The Apple Music 1 (previously known as Beats 1) radio station also serves as a potential source of new music, though since it functions like a traditional radio station — fronted by veteran DJs like Zane Lowe and Ebro Darden — its content is curated for the Apple Music subscriber base as a whole. Spotify’s version of “radio” is essentially just playlists, curated for certain genres, topics and tastes.
Apple Music vs. Spotify: Social media
One of Spotify's clearest wins is its wealth of social sharing features. You can easily share Spotify content as Instagram and Facebook stories, post album art on Snapchat (which then links friends and followers to the song) or create links and scannable, QR-like Spotify Codes to share music and playlists on any messaging platform.
Apple Music lets you share playlists with other registered users over AirDrop, or create content links to post wherever you want, but its social media integration is much more basic than Spotify’s. If you’re not overly keen with sharing your listening habits with the world, that might not be an issue, but it’s all optional on both platforms.
Apple Music vs. Spotify: Design
Ever since Apple Music’s big redesign for iOS 10, it's design is close to Spotify in a lot of respects.
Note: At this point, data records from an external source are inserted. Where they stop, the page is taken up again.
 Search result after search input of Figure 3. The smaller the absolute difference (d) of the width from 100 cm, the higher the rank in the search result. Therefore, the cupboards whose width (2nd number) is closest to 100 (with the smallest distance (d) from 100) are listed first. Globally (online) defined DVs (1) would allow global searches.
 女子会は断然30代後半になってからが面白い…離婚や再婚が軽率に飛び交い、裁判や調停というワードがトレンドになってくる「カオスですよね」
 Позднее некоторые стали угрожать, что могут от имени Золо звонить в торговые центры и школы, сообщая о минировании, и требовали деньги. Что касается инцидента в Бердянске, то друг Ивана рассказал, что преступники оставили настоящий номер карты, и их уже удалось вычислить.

Both employ large images in an almost tile-like UI, with a navigation bar the bottom of the screen for quick access to your music library or the respective search function.
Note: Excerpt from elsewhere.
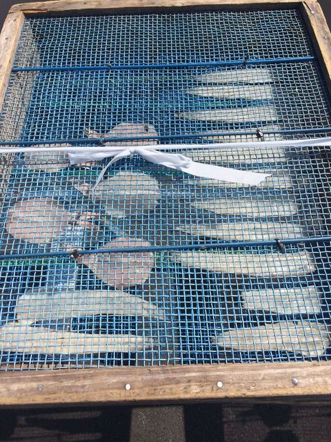 店舗横で干して作る自家製の干物は松月の代表料理です。

Honestly, the main difference here is purely aesthetic. Apple Music favors a light, bright and white look with high-contrast text, while Spotify has long stuck to its darker black/grey color scheme with flashes of neon green.
Apple Music vs. Spotify: Value
If you don’t want to pay for streaming music and you’re OK with ads, Apple’s insistence on not having a free plan will keep you using Spotify. New users can try Apple Music for free for 3 months, which is more generous than Spotify Premium’s 1-month free trial, but after than you’ll need to subscribe.
For those who are willing to pay, the playing field looks balanced at a glance. Apple Music and Spotify Premium are both $9.99 a month for individual accounts, and while Spotify’s Family plan is more expensive, it’s only by a single dollar per month. Both services also offer a $.99 monthly subscription for students.
Keep in mind, however, that Apple Music is now throwing in spatial audio and lossless audio for no extra charge. As such, it simply offers more than Spotify Premium does for the same cash.
If Spotify HiFi was folded into the existing Spotify Premium tier, rather than launching as a separate tiered service, that would keep things somewhat even. But that hasn't happened yet, and even if it does, Apple Music will still have the spatial audio advantage.
The fact that Spotify has a free option keeps this particular clash a tie, but if if you can spare the cash for a premium subscription, Apple Music is the better deal right now.
Apple Music vs Spotify: Which is the better music app?
We first ran an Apple Music vs. Spotify comparison a few years ago, and Spotify comfortably won, on the back of its curated content, value for money and wealth of supported hardware.
Credit to Apple Music, then, for not just closing the gap but surpassing Spotify overall. It’s still behind on social features, and lacks native support for games consoles, but changing its approach from consumer-unfriendly exclusives to more thoughtfully curated content streams has paid off. It’s also wisely gained a browser version and remains the better choice for those who like to hoard their music files.
Really, though, it's lossless and spatial audio that make the difference. Not only does this make Apple Music the better choice for listeners who want the best sound quality possible, but given it's no more expensive than a Spotify Premium subscription, it's also better on value for those willing to pay.